Anthony Braxton (again)
I’m only now beginning to appreciate the music & musicianship of Anthony Braxton. I have listened to him in the past, I have seen him perform live a few times, but his music never “arrived”, so to say, in my heart nor head. Yes, I loved him on Dave Hollands Conference of the Birds, I have a record with Ray Anderson, John Lindbergh and Thurman Barker from I think 1979 or 1984, I pushed record on the taperecorder whenever some Braxton would come on the radio. But when I was frantically discovering all the jazz, going from Parker to Dolphy to Coltrane and Ornette, and then on to David Murray, Art Ensemble of Chicago, Henry Threadgill — I somehow skipped Braxton. I knew that he was considered a major voice and For Alto sort of a defining moment of seventies jazz/impro. I knew that I should try to get hold of his work with Barry Altschull. But his tone seemed so thin, he looked so rationally, unpassionately professorlike, that I never did.
But now look at his 1980 performance of Coltrane’s Impressions — at Youtube: http://www.youtube.com/watch?v=0o0AYFRFX7g.
My discovery of Braxton is triggered partly by the discussion on 1970s jazz that travelled through various music-blogs last week — after Dave Douglas asked if someone could come up with a list of what is most worthwile from that era of jazz. See a.o. the wonderful http://destination-out.com/ & http://thebadplus.typepad.com/dothemath/2006/08/ethan_iversons_.html. A difficult era — if you ask me –. Jazz lost it’s place in the hierarchy of music to rock, and after freejazz there seemed to to be no way ‘onwards’. Looking back in retrospect at the legacy of seventies jazz — even if one leaves out the European free improv-scene and some spaced-out jazzrock — this seems unbelievable: so many great new sounds evolved.
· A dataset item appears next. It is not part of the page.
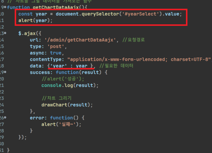 ajax에서 year 데이터가 제대로 바뀌지 않다는 것도 알 수 있다. 왜 문제가 있냐면,

I tried to make my list: Henry Threadgill (hardly mentioned, strangely), Lawrence Butch Morris (his conductions are, well, awesome — they move me deeply), Anthony Braxton, David Murray, Richard Muhal Abrams, John Carter, Gerry Hemingway (also hardly ever mentioned — his early trio with Ray Anderson & Mark Helias is wonderful), Roscoe Mitchell, George Lewis… And that’s just a few of the persons who came up with new conceptions, mixtures and radical sounds. See, I don’t even mention New York downtown scene (some of the best Zorn-stuff is late seventies).